Exercise goal: Transcribe only the lines of the listing below from the one holding "本届DEMO CHINA创新" through the one holding "Quant à Sébastien", inclusive, without any change.

Recorded data:
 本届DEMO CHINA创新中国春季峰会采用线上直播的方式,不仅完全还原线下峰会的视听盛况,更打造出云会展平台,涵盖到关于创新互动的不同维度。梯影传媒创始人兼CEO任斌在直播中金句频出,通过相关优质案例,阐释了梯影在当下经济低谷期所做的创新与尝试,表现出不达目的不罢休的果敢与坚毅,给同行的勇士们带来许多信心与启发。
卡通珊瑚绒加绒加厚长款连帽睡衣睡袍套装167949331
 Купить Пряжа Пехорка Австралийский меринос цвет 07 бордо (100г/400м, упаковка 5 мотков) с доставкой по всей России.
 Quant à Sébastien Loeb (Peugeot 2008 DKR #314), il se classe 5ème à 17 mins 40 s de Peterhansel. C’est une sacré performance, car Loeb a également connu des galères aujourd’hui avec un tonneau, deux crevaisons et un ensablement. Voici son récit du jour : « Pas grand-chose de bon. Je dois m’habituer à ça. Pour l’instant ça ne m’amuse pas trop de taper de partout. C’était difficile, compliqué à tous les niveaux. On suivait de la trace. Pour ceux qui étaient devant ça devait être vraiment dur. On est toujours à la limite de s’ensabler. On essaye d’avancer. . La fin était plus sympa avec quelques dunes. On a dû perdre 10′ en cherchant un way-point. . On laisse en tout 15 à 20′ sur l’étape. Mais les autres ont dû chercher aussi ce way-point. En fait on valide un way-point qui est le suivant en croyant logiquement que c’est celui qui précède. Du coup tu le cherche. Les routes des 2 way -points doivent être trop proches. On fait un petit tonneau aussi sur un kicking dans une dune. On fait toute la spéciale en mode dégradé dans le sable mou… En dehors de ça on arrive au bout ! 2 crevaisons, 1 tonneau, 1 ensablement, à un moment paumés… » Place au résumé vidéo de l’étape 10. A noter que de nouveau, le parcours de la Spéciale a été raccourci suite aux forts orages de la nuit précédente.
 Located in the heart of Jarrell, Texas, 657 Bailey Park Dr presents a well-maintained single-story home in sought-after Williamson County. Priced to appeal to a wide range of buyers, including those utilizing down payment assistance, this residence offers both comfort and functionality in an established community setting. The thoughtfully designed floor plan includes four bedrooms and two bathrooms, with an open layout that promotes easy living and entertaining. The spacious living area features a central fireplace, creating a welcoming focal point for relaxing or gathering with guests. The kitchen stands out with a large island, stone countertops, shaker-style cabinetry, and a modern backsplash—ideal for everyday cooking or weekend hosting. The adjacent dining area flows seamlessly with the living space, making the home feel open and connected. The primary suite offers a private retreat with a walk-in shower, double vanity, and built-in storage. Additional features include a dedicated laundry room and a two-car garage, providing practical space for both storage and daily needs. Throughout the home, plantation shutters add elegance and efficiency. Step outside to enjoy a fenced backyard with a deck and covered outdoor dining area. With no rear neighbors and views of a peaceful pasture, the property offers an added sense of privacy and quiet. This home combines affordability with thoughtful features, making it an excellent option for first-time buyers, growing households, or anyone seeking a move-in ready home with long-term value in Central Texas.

--

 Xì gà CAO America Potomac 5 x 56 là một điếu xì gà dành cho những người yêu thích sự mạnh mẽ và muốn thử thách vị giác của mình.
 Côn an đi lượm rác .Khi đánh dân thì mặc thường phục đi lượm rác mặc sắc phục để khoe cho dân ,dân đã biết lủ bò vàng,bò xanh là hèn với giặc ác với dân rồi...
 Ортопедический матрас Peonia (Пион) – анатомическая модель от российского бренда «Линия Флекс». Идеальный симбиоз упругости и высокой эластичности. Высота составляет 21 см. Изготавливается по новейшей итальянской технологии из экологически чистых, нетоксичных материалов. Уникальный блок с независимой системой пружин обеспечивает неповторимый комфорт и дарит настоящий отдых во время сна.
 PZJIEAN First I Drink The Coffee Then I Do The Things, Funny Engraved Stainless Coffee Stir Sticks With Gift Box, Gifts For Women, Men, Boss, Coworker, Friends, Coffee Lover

Reply:
 本届DEMO CHINA创新中国春季峰会采用线上直播的方式,不仅完全还原线下峰会的视听盛况,更打造出云会展平台,涵盖到关于创新互动的不同维度。梯影传媒创始人兼CEO任斌在直播中金句频出,通过相关优质案例,阐释了梯影在当下经济低谷期所做的创新与尝试,表现出不达目的不罢休的果敢与坚毅,给同行的勇士们带来许多信心与启发。
卡通珊瑚绒加绒加厚长款连帽睡衣睡袍套装167949331
 Купить Пряжа Пехорка Австралийский меринос цвет 07 бордо (100г/400м, упаковка 5 мотков) с доставкой по всей России.
 Quant à Sébastien Loeb (Peugeot 2008 DKR #314), il se classe 5ème à 17 mins 40 s de Peterhansel. C’est une sacré performance, car Loeb a également connu des galères aujourd’hui avec un tonneau, deux crevaisons et un ensablement. Voici son récit du jour : « Pas grand-chose de bon. Je dois m’habituer à ça. Pour l’instant ça ne m’amuse pas trop de taper de partout. C’était difficile, compliqué à tous les niveaux. On suivait de la trace. Pour ceux qui étaient devant ça devait être vraiment dur. On est toujours à la limite de s’ensabler. On essaye d’avancer. . La fin était plus sympa avec quelques dunes. On a dû perdre 10′ en cherchant un way-point. . On laisse en tout 15 à 20′ sur l’étape. Mais les autres ont dû chercher aussi ce way-point. En fait on valide un way-point qui est le suivant en croyant logiquement que c’est celui qui précède. Du coup tu le cherche. Les routes des 2 way -points doivent être trop proches. On fait un petit tonneau aussi sur un kicking dans une dune. On fait toute la spéciale en mode dégradé dans le sable mou… En dehors de ça on arrive au bout ! 2 crevaisons, 1 tonneau, 1 ensablement, à un moment paumés… » Place au résumé vidéo de l’étape 10. A noter que de nouveau, le parcours de la Spéciale a été raccourci suite aux forts orages de la nuit précédente.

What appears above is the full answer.